A woman uses her cellphone as she sits on the Malecon in Havana, Cuba. (photo: Franklin Reyes/AP)
The 'Cuban Twitter' Scam Is a Drop in the Internet Propaganda Bucket
06 April 14
his week, the Associated Press exposed a secret program run by the U.S. Agency for International Development to create “a Twitter-like Cuban communications network” run through “secret shell companies” in order to create the false appearance of being a privately owned operation. Unbeknownst to the service’s Cuban users was the fact that “American contractors were gathering their private data in the hope that it might be used for political purposes”–specifically, to manipulate those users in order to foment dissent in Cuba and subvert its government. According to top-secret documents published today by The Intercept, this sort of operation is frequently discussed at western intelligence agencies, which have plotted ways to covertly use social media for ”propaganda,” “deception,” “mass messaging,” and “pushing stories.”

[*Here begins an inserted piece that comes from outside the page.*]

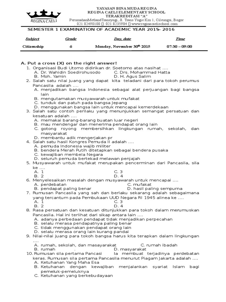 Dibawah ini adalah prediksi soal ujian sekolah (us) pelajaran pkn untuk tingkat sd kelas 6 yang terdiri dari 35 soal pkn pilihan ganda dan 5 soal pkn uraian/essay. Soal uts pkn sd kelas 6 semester 1 (gasal) dan kunci jawaban. Soal ujian sekolah us mata pelajaran pendidikan kewarganegaraan pkn kelas 6 sdmi dan kunci jawaban_soal uas pilihan ganda mapel pkn ktsp yang berjumlah 50 butir ini bisa anda manfaatkan sebagai bahan belajar untuk menghadapi ujian sekolah tahun pelajaran 20162017 maupun 20172018 dan dapat juga dimanfaatkan untuk bahan latihan soal bagi siswa. Ipa tema 9 sd kelas 6. Kerjakanlah soal yang menurut kalian mudah. Proses globalisasi akan terus berjalan, bahkan dalam proses perkembangannya, globalisasi akan berdampak terhadap kehidupan manusia. Kemudian periksa kembali jawaban sebelum kalian memberikannya pada guru kalian. There was a problem previewing soal uts pkn kelas 6 semester 2.pdf. Ulangan ipa tema 9 sd kelas 6. Berikut soal ujian sekolah (us) pendidikan kewarganegaraan (pkn) kelas 6 sd kurikulum 2013 dan kunci jawaban seperti di bawah ini : Pada kali ini, kami akan membagikan salah satu soal yang dapat digunakan sebagai latihan dalam mengukur kemampuan siswa (peserta didik), yaitu siswa kelas 6 sd pada mata pelajaran pendidikan pancasila dan kewarganegaraan semester 1. Contoh soal pkn kelas 6 soal ujian sekolah us mata pelajaran pendidikan kewarganegaraan pkn kelas 6 sdmi dan kunci jawaban_soal uas pilihan ganda mapel pkn ktsp yang berjumlah 50 butir posingan terbaru. Hide 1 soal try out pkn kelas 6 2020 1.1 i.

These ideas–discussions of how to exploit the
internet, specifically social media, to surreptitiously disseminate
viewpoints friendly to western interests and spread false or damaging
information about targets–appear repeatedly throughout the archive of
materials provided by NSA whistleblower Edward Snowden. Documents
prepared by NSA and its British counterpart GCHQ–and previously published by The Intercept as well as some by NBC News–detailed
several of those programs, including a unit devoted in part to
“discrediting” the agency’s enemies with false information spread
online.
The documents in the archive show that the British are
particularly aggressive and eager in this regard, and formally shared
their methods with their U.S. counterparts. One previously undisclosed top-secret document–prepared
by GCHQ for the 2010 annual “SIGDEV” gathering of the “Five Eyes”
surveillance alliance comprising the UK, Canada, New Zealand, Australia,
and the U.S.–explicitly discusses ways to exploit Twitter, Facebook,
YouTube, and other social media as secret platforms for propaganda.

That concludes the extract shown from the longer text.